Blazor Makes Its Way Into Cross-Platform Mobile App Development

Officially announced at the "Focus on Blazor" .NET Conf, Blazor's Mobile Bindings are a new experimental project aimed to enable cross-platform mobile app development using Microsoft Blazor and .NET for iOS and Android. Similarly to React Native, Mobile Blazor Binding use native UI controls, thus enabling a native look and feel.

In a nutshell, Mobile Blazor Bindings extend the Blazor programming model for mobile development. As Microsoft .NET engineer Eilon Lipton wrote, this will be of specific interest to XAML and Xamarin developers who have been using XAML, Razor templates, and Xamarin to build mobile hybrid apps or to those using Blazor to create Web apps.

The goal of these bindings is to see if developers would like to have the option of writing markup and doing data binding for native mobile applications using the Blazor-style programming model with Razor syntax and features.

As an example of how natural the writing of a mobile app using Mobile Blazor Bindings should feel for web developers with some experience in Razor, Lipton presented the following snippet defining a simple view with a button and a tap-counter:

<StackLayout>
    <Label FontSize="30"
           Text="@("You pressed " + count + " times")" />
    <Button Text="+1"
            OnClick="@HandleClick" />
</StackLayout>

@code {
    int count;

    void HandleClick()
    {
        count++;
    }
}

(Credits: Microsoft)

The above snippet shows the use of Xamarin.Forms StackLayout along with native C# code to handle UI behaviour as it is usual in Razor components for hybrid apps. The same simple view for a Web app would use a similar code structure, but the UI would be described using HTML instead of Xamarin.Forms markup.

Mobile Blazor Bindings are an attempt to expand Blazor into a full-stack development framework, as Microsoft explained at its .NET Conf 2019 conference. The following image helps to clarify the different dimensions Blazor is moving through and where the Mobile Blazor Bindings fit it.

(Credits: Microsoft)

Microsoft's announcement raised both positive and negative reactions among developers. Besides those welcoming the new addition to the Blazor toolbox, several developers expressed concerns over the multiplication of options to create UI using .NET technologies. This makes it hard to choose which one to invest in and train a team into.
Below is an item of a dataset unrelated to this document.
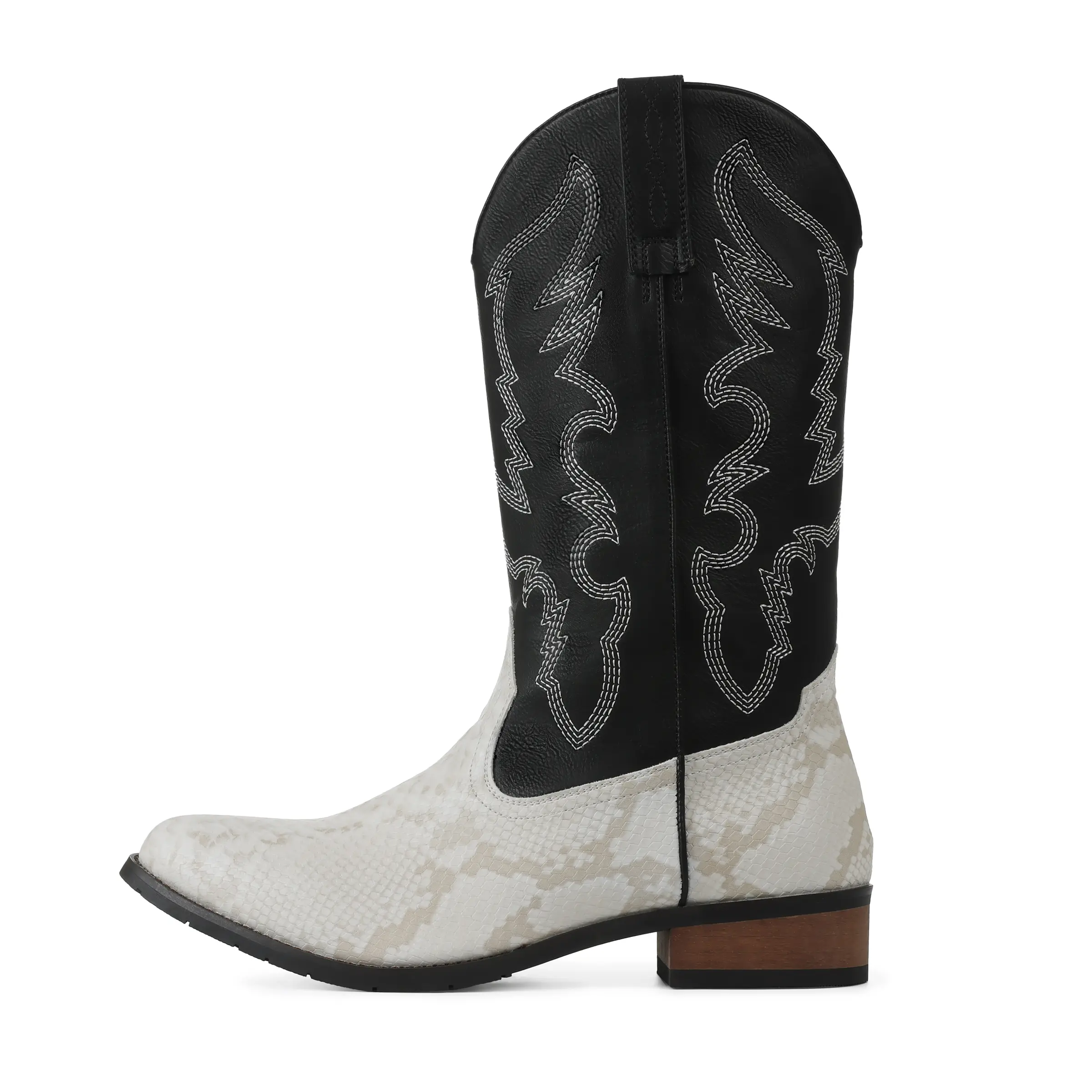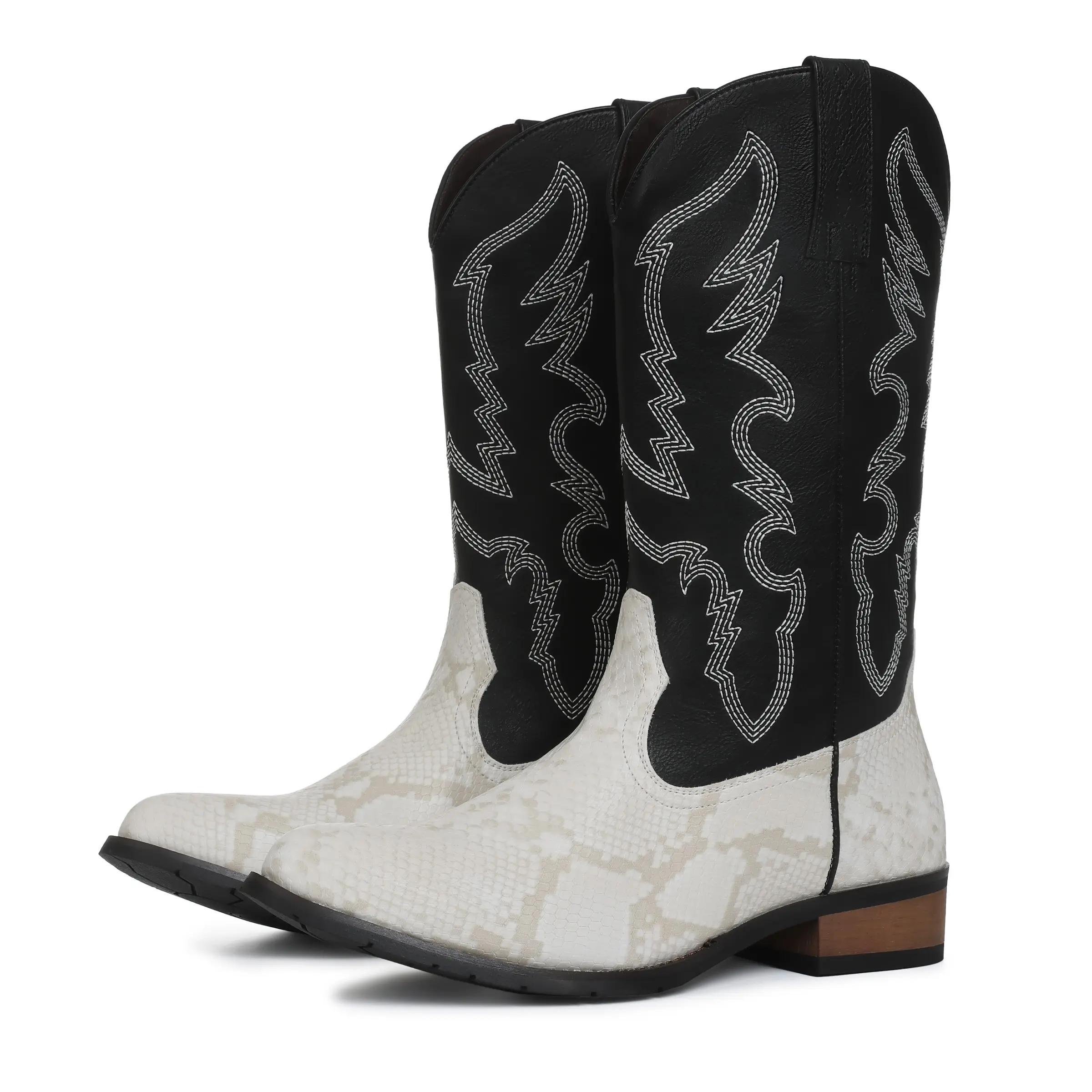 Style: Classic western cowboy boots with a sleek pull-on design and detailed handcrafted pattern, offering a rugged yet stylish look that suits both casual and workwear outfits.

Others went so far as expressing their fears Microsoft will at some point kill some of those projects, leaving the developers who adopted them in the dust.

More factually, some critical voices focused on the fact Blazor Web and mobile apps would not share the same UI definition, thus diminishing the value of using a single programming model across both platforms. Additionally, they expressed a wish for Microsoft to focus on Blazor for Progressive Web Apps and WebAssembly, leaving mobile development to WPF, UWP and Xamarin.

Blazor runs on .NET Standard 2.0 and relies on Xamarin.Forms for its native UI components. Mobile Blazor Bindings are available on GitHub and require .NET Core 3.0 or 3.1.